Michèle Flournoy
About Michèle A. Flournoy
Independent director since 2018 (age 64). Flournoy is co-founder and managing partner of WestExec Advisors (founded 2017), former U.S. Under Secretary of Defense for Policy (2009–2012), former senior advisor at Boston Consulting Group (2012–2017), and co-founder of the Center for a New American Security (CNAS), where she served as CEO (2014–2016).

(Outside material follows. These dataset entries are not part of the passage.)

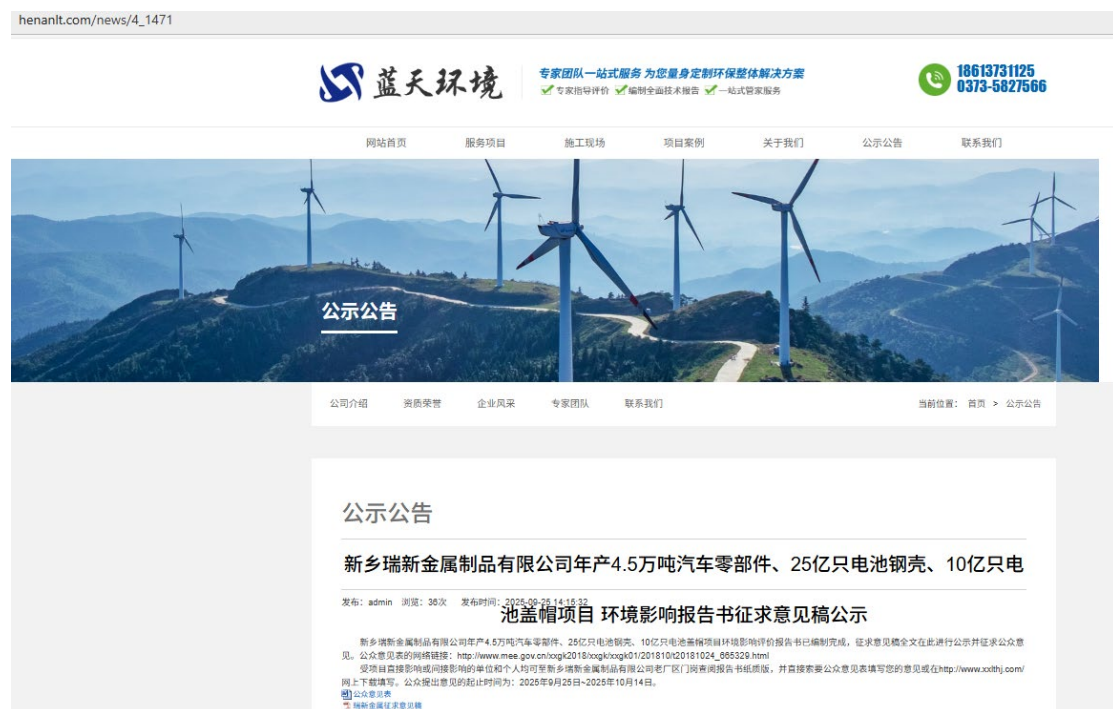
图 2 征求意见稿公示截图

新乡瑞新金属制品有限公司年产 4.5 万吨汽车零部件、25 亿只电池钢壳、10 亿只电池盖帽项目在 2025 年 9 月 25 日在蓝天环境网对其环境影响报告书征求意见稿全文进行了公示，并提供了公众参与意见表的索取和下载方式。公示网站： http://henanlt.com/ ，公示时间：2025 年 9 月 25 日~2025 年 10 月 14 日。网络平台选取、公示时间和公示内容符合要求。公示截图如下：
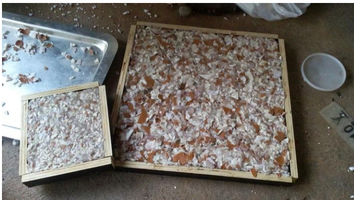
Figura 6. Processo de moldagem das placas.

Após esse processo de moldagem as placas descansam por algumas horas, até ocorrer a secagem da cola a base de poliestireno, dando origem assim a placa de uma divisória sem acabamento.
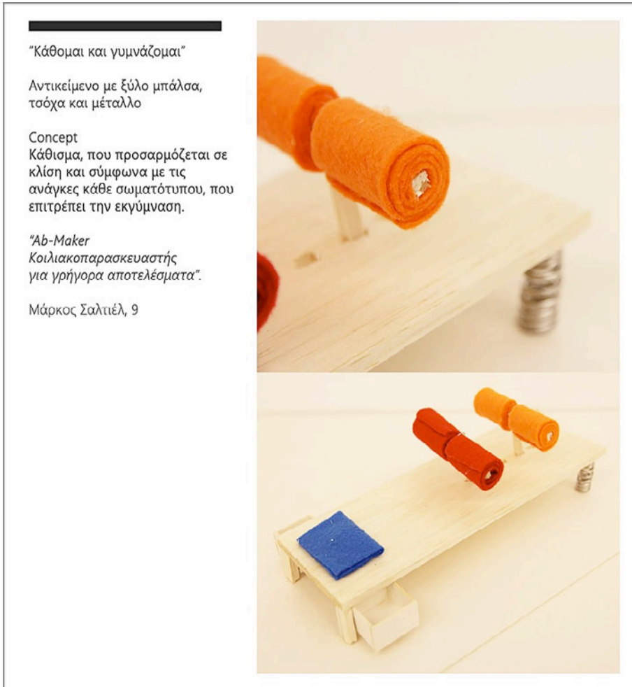
Εικόνα 5: Πρωτότυπο κάθισμα βασισμένο στη φράση «Κάθομαι και γυμνάζομαι»
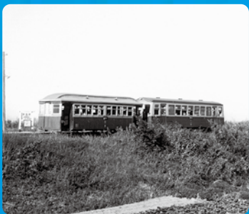
野中停留場(掛川市)
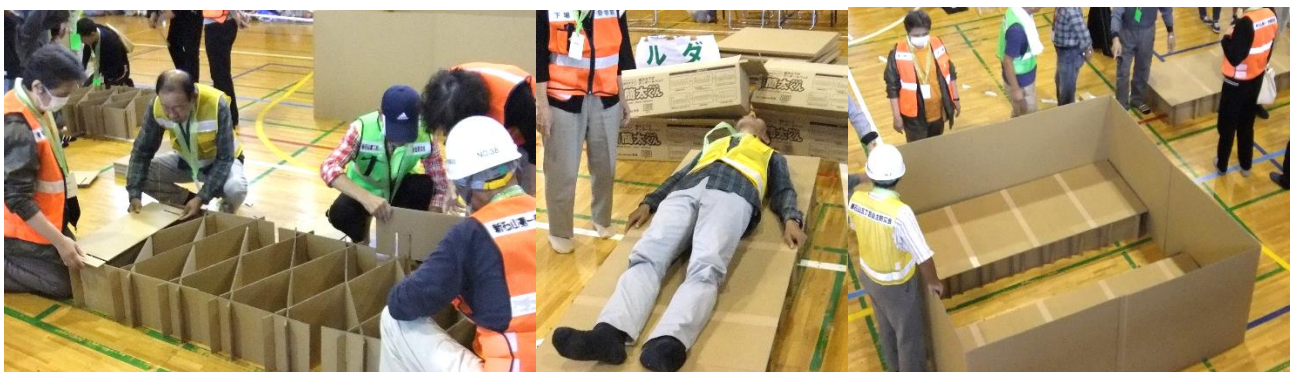
★段ボールベット作りと段ボール間仕切り体験
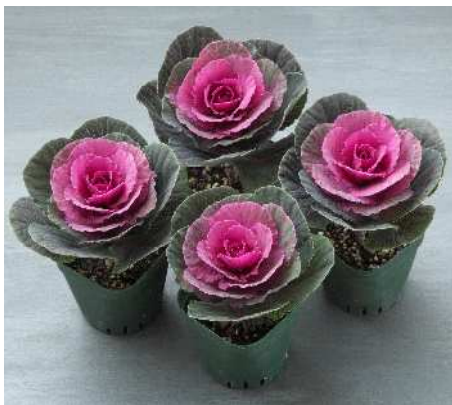
F 1 恋衣
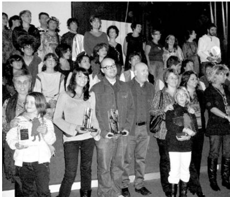
Algunos de los premiados en la pasada edición del concurso

El segundo día, el drama Destinatario desconocido , basada en la novela 'Paradero desconocido' de Kressmann Taylor, de la mano de La Garnacha Teatro de Logroño y, el tercero, una comedia muy divertida
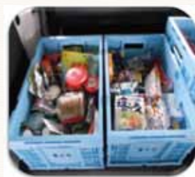
《提供された食品等》
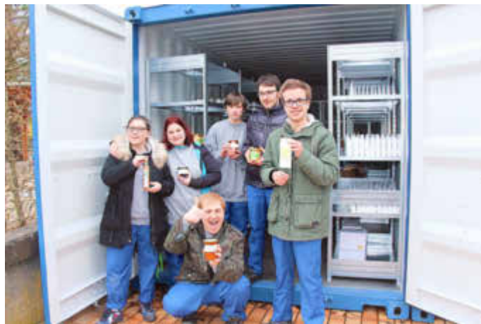
Junge Auszubildende des CJD mit Spaß bei der Arbeit
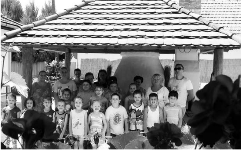
Kézműves tábor résztvevői

A suli éppen hogy befejeződött, máris lehetett táborozni Dobozon. A szokott időben és helyen vártuk az alkotni vágyó vakációzókat.
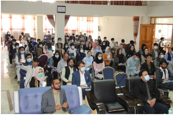
/ APPRO ، MADPO ، FES / جليل پويا

په هره ناستې کې گډون کوونکو ته دنده ورکول کېږي چې په خپلو ټولنو کې هغه مهمې ستونزې چې د جگړو د وضعیت او اغیز د بدلون لامل کېږي، په گوته کړي او بیا په گروپ کې پرې بحث وکړي. په هر گروپ کې، گډون کوونکو د هرې ستونزې لاملونه په گوته کړل، او بیا د دغه لاملونو د حل د لارې چارې په اړه بحث کوي، خو داسې شرایط برابر شې چې اوږدمهاله سوله را منځ ته شي.
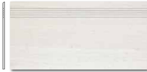
DCPSE730 PEI 5 ○ 72 / ks mat | matt
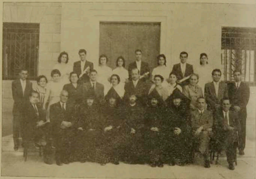
ՍՐԲՈՑ ԹԱՐԳՄԱՆՉԱՅ ԵՐԿՐՈՐԴԱԿԱՆ ՎԱՐՄԱՐԱՆԻ ՌԵՍՈՒՑԵԱԿԱՆ ԿԱՅՐ ԵՒ ԵՐՁԱՆԱԿԱՐՏՆԵՐ

Հանդէս աւարտին, Ամեն, Որբագան Հայր կատարեց Վհայականներու և մրցանակներու բաշխումը երկրորդական քաւնի 8 երկսեռ ընթա-
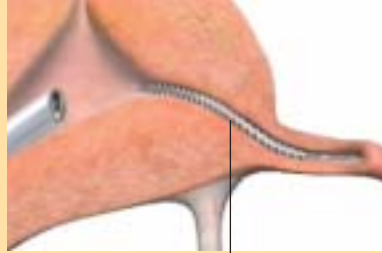
Fallop tüpünde Essure mikro-araç
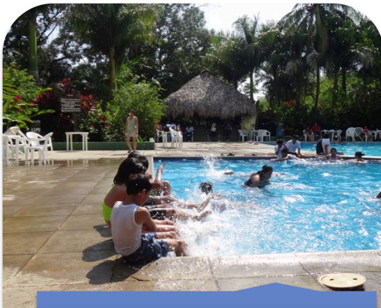
Baño en las piscinas de Auto Safari Chapín.
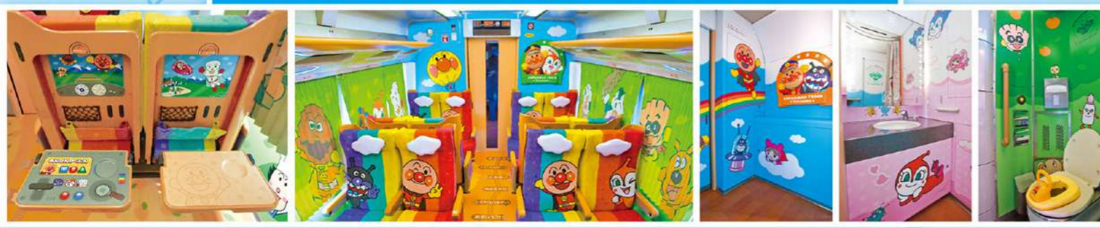
▲座席テーブルを開けると、ミニ運転席が現れるよ! ※進行方向により、7・10番席のテーブルには裝飾はございません。
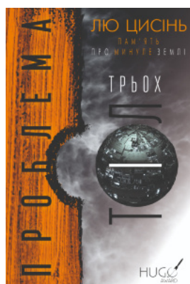
Проблема трьох тіл
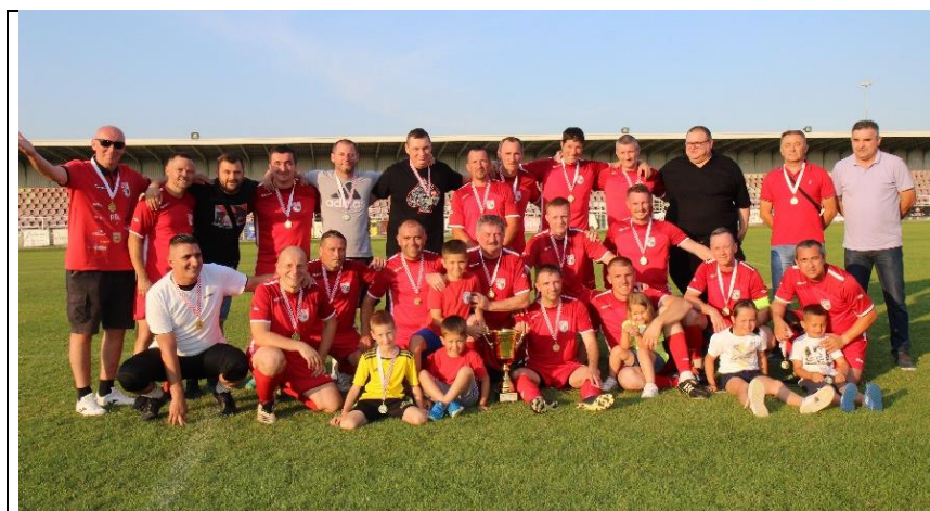
Prvaci LV NS Dugo Selo, sezona 2022./2023., Vrbovec veterani

She chairs Booz Allen’s Nominating & Corporate Governance Committee and serves on the Compensation, Culture & People Committee; the Board deems her independent under NYSE standards, citing extensive national security and defense policy expertise, public company board experience, and core business skills in financial/strategic planning and nonprofit leadership .
Past Roles
| Organization | Role | Tenure | Committees/Impact |
|---|---|---|---|
| WestExec Advisors | Co-founder and Managing Partner | 2017–present | Strategic advisory leadership |
| U.S. Department of Defense | Under Secretary of Defense for Policy | 2009–2012 | Senior national security policymaking |
| Boston Consulting Group | Senior Advisor | 2012–2017 | Strategy advisory experience |
| Center for a New American Security (CNAS) | Co-founder; Chief Executive Officer | Co-founded 2007; CEO 2014–2016 | Think tank leadership/governance |
External Roles
| Organization | Role | Tenure | Notes |
|---|---|---|---|
| Astra Space, Inc. (NASDAQ: ASTR) | Director (public) | Since Aug 2021 | Other current public company directorship |
| Amida Technology Solutions | Chair of the Board (private) | Not disclosed | Private board leadership |
| Microsoft Policy Advisory Board | Member | Not disclosed | Advisory role |
| Harvard Belfer Center | Senior Fellow | Not disclosed | Academic policy fellowship |
| Georgia Tech Sam Nunn School | Non-resident faculty member | Not disclosed | Academic engagement |
| CARE USA | Board member (nonprofit) | Not disclosed | Nonprofit governance |
| The War Horse | Board member (nonprofit) | Not disclosed | Nonprofit governance |
Board Governance
- Independence and roles: Flournoy is an independent director and currently serves as Chair, Nominating & Corporate Governance (NCG) Committee, and member, Compensation, Culture & People (CCP) Committee; all standing committees are 100% independent under NYSE rules .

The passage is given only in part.